"Peggy Sue" Meets "Bad to the Bone"
This featherweight (6.10 lbs.) thinline 16 1/4-inch archtop guitar has a full scale length of 24 3/4 inches. Laminated maple top, back, and sides, one-piece mahogany neck with a nice, fat '59 profile and a nut width of 1 3/4 inches. Rosewood fretboard with 20 jumbo frets and pearl dot inlays. Individual Kluson Deluxe closed-back tuners with white oval plastic buttons. Two wonderfully resonant black P-90 pickups with outputs of 8.32k and 7.65k. Five-layer (black/white/black/white/black) plastic pickguard. Four controls (two volume, two tone) plus three-way selector switch. Gold plastic bell-shape "Bell" knobs. Les Paul combination trapeze bridge/tailpiece. Apart from some minimal body checking and very minor belt buckle wear, this is a totally original and near mint example from the very best year! Housed in its original brown Gibson hardshell case with orange plush lining (8.50).
The total production run of ES-225s between 1955 and 1959 was 2,212 guitars, with only 728 of them made in 1959, and selling then at a modest $229.50. Many great guitarists currently use an ES-225TD, including "The Wild Man" of Rock, Ted Nugent, and the "Bad to the Bone" George Thorogood, but back in the fifties, one of the better-known advocates was Niki Sullilvan of Buddy Holly and The Crickets.

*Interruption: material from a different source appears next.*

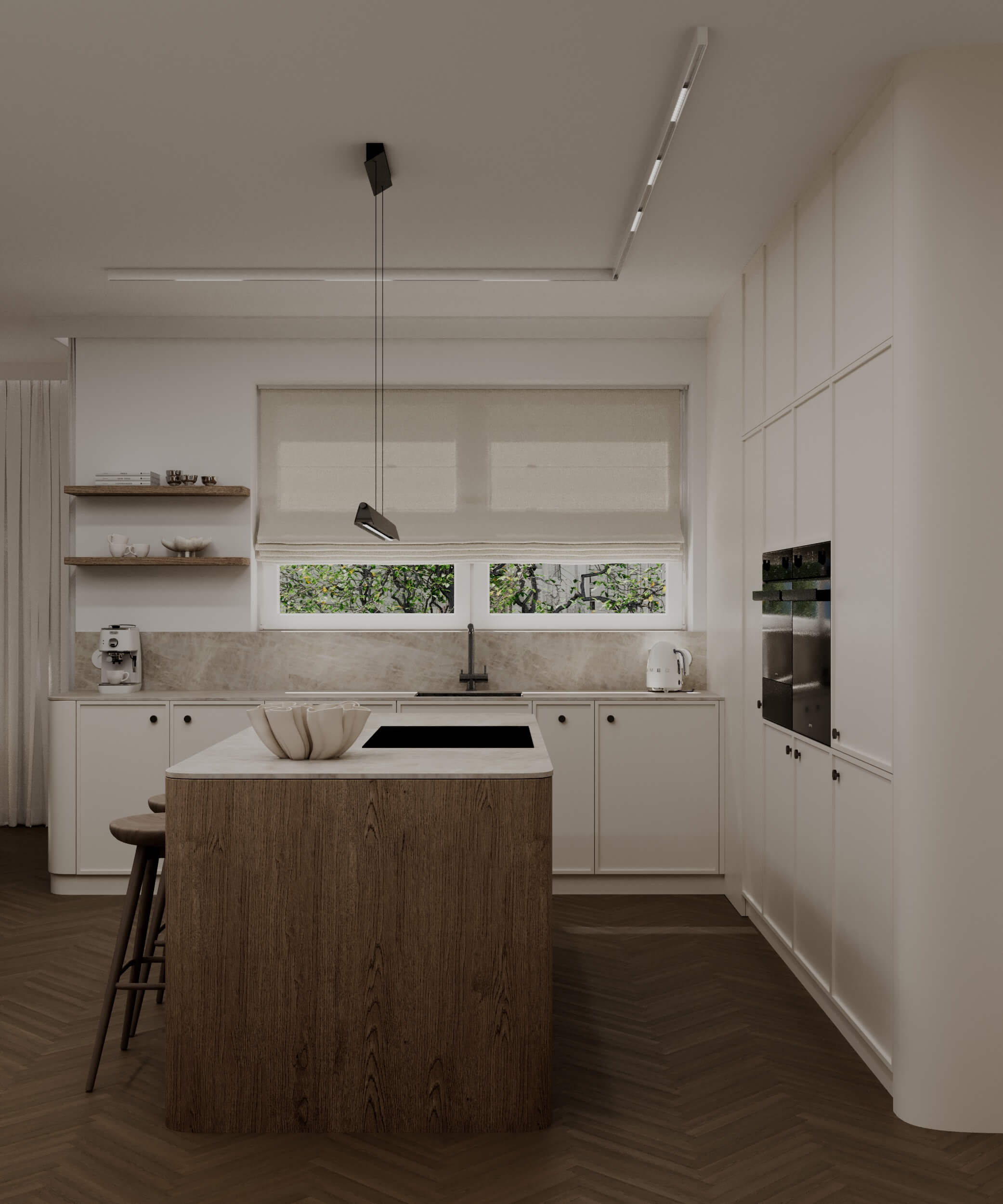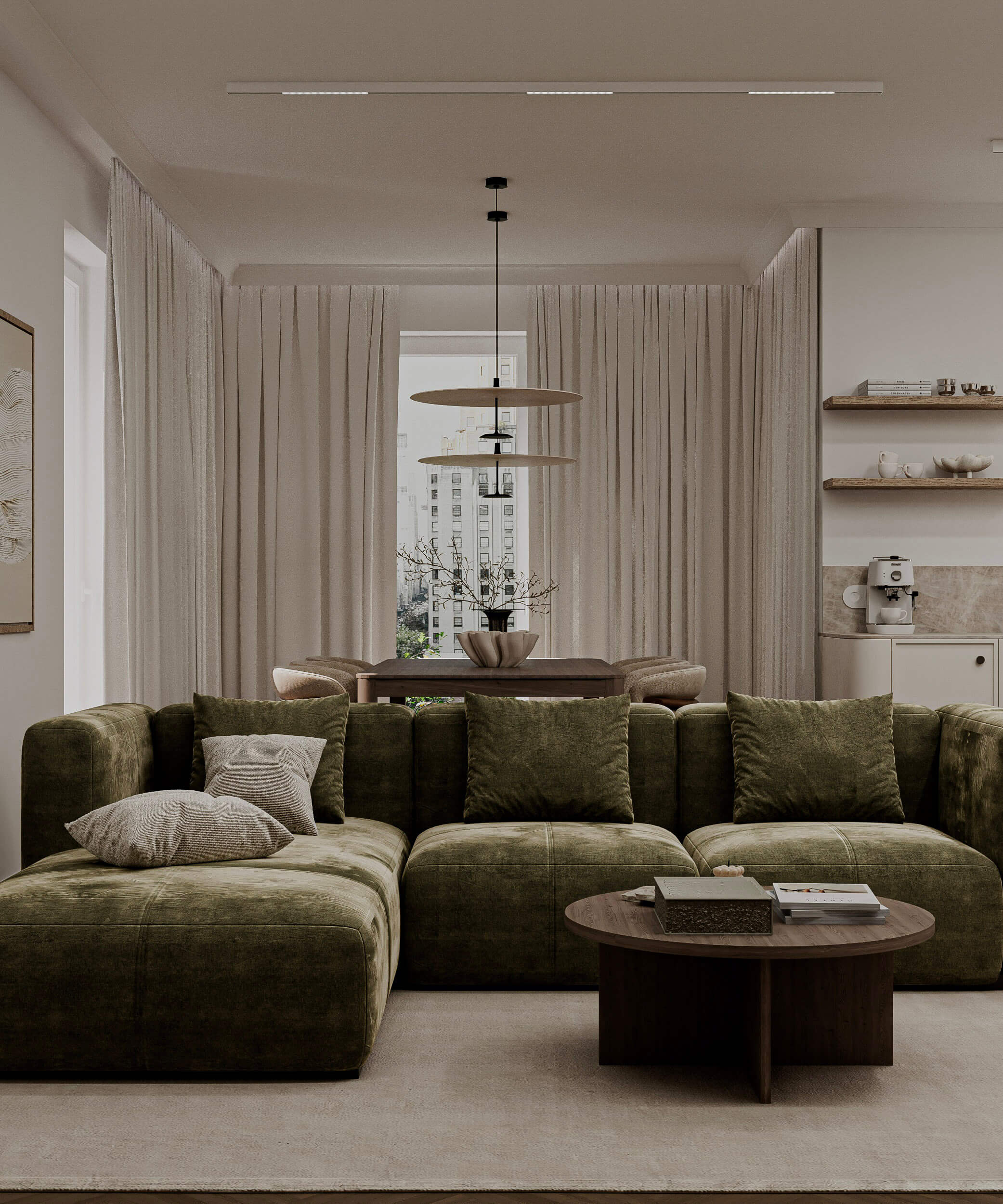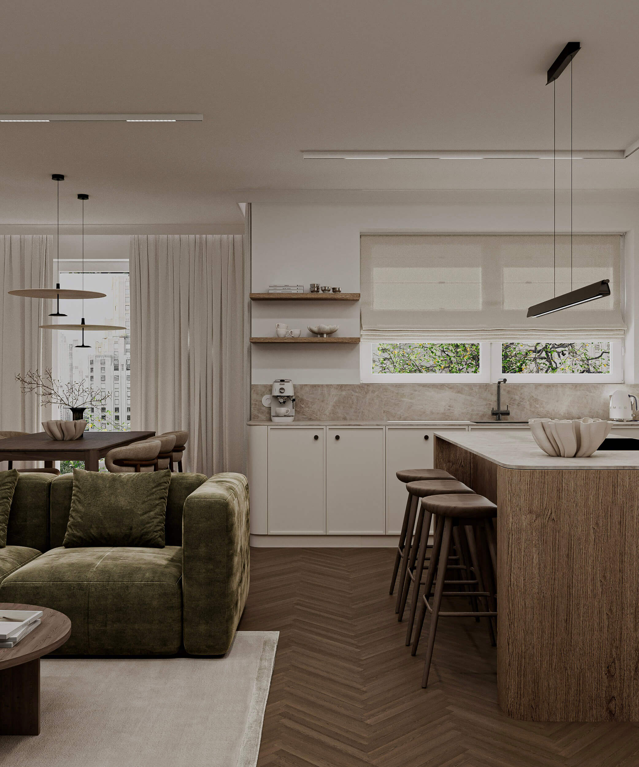 Projekt opiera się na idei subtelnej, ponadczasowej elegancji zakorzenionej w naturze. Kluczową rolę odgrywają tu stonowane barwy inspirowane ziemią - ciepłe beże, kremy, oliwkowe zielenie oraz głębokie odcienie drewna. Ta spokojna paleta kolorystyczna tworzy harmonijną całość, która sprzyja wyciszeniu i codziennemu komfortowi.

Introduced in 1955, the ES-225T (with one P-90 pickup) was the first thinline electric to be produced in sizable quantities. A dual pickup version was subsequently marketed in 1956, and both models remained in production until 1959, when, according to Gibson brochures, they were replaced by the ES-330T/TD. In fact, the ES-125TC/TCD later emerged as the true successors of the ES-225T/TD. The overall shape and construction of the ES-225 can be likened to a thin-body ES-175. The model is primarily characterized by its Les Paul combination bridge/tailpiece, which in 1955 was only fitted to the all-gold ES-295. The ES-225 was the first Gibson electric to be issued with a single pickup placed half-way between the fingerboard and the bridge.